• WORK INSTRUCTIONS:
In the material below, find the line containing "Here are two" and the line containing "Синий пуловер Pezzo". Output those two lines and all lines between them exactly, without pictures.

• SUPPLIED DATA:
=== Begin Enclosure ===
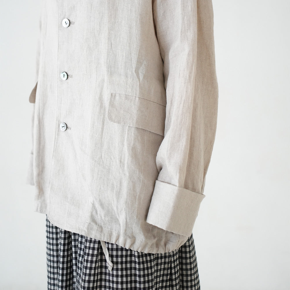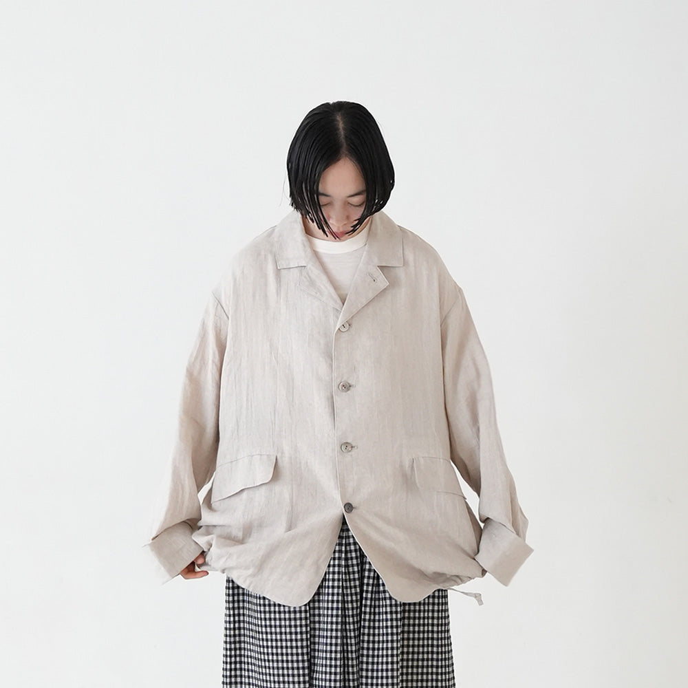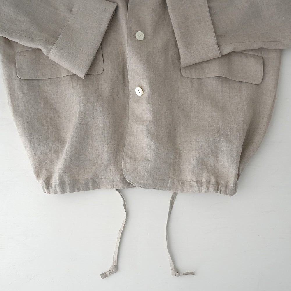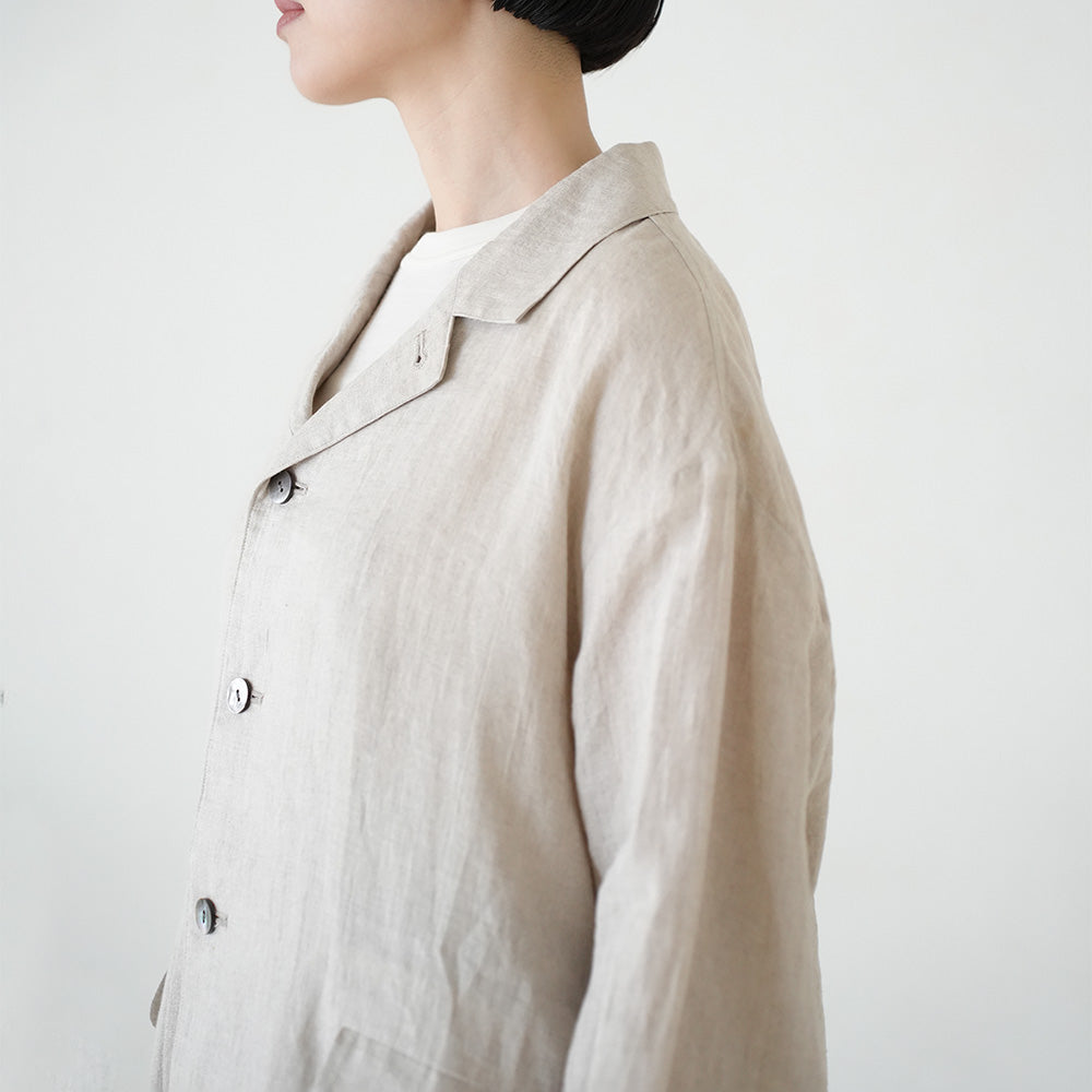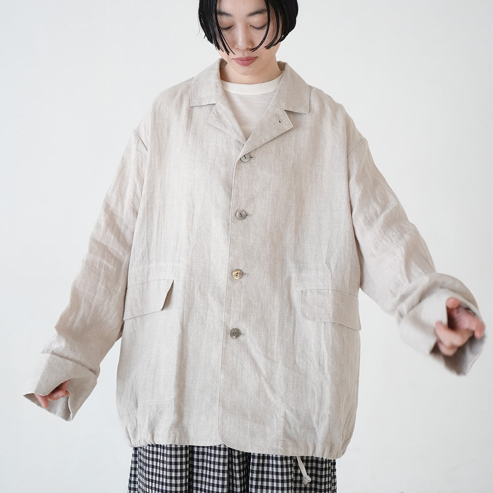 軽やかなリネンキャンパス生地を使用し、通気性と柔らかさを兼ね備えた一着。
=== End Enclosure ===
=== Begin Enclosure ===
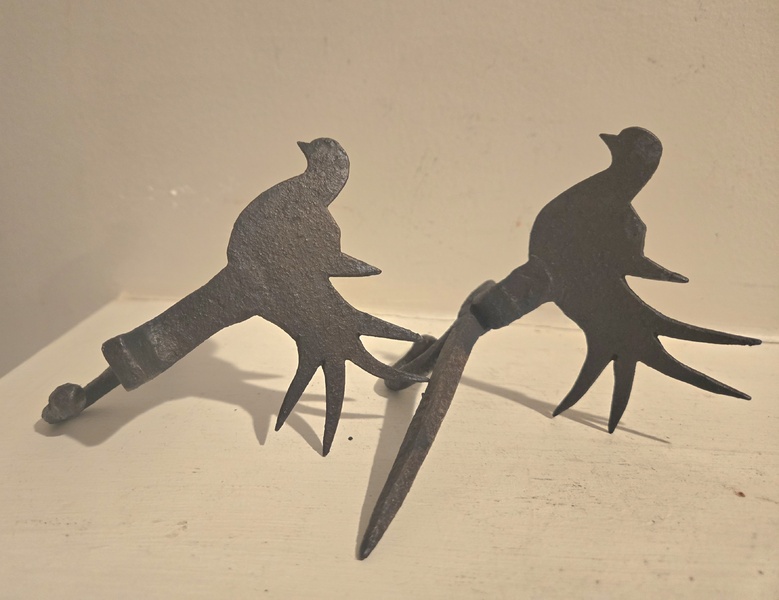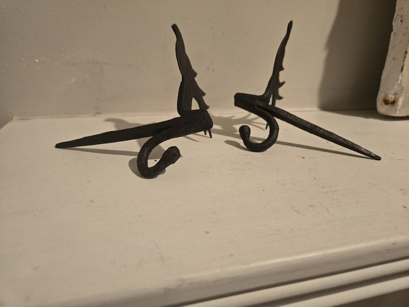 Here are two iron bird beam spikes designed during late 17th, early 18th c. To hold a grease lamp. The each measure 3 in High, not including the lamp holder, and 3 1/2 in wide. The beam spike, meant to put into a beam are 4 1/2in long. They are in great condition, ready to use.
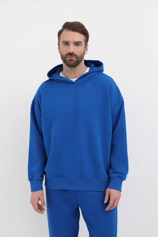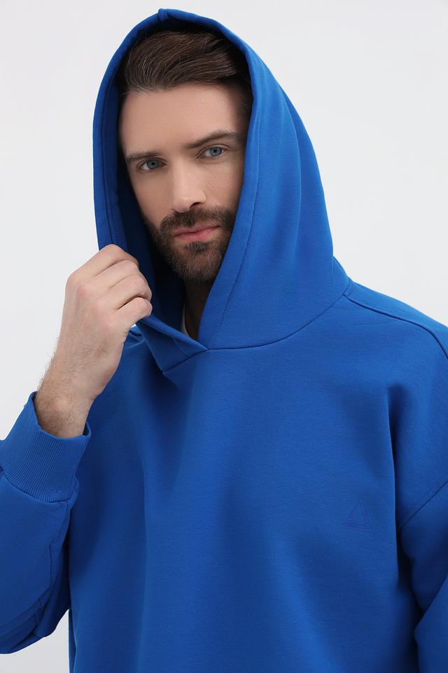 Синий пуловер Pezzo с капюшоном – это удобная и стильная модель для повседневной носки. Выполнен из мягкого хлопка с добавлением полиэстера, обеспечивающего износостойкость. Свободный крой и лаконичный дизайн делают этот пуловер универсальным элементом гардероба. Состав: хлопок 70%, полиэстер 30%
=== End Enclosure ===
• RESPONSE AREA:
 Here are two iron bird beam spikes designed during late 17th, early 18th c. To hold a grease lamp. The each measure 3 in High, not including the lamp holder, and 3 1/2 in wide. The beam spike, meant to put into a beam are 4 1/2in long. They are in great condition, ready to use.
 Синий пуловер Pezzo с капюшоном – это удобная и стильная модель для повседневной носки. Выполнен из мягкого хлопка с добавлением полиэстера, обеспечивающего износостойкость. Свободный крой и лаконичный дизайн делают этот пуловер универсальным элементом гардероба. Состав: хлопок 70%, полиэстер 30%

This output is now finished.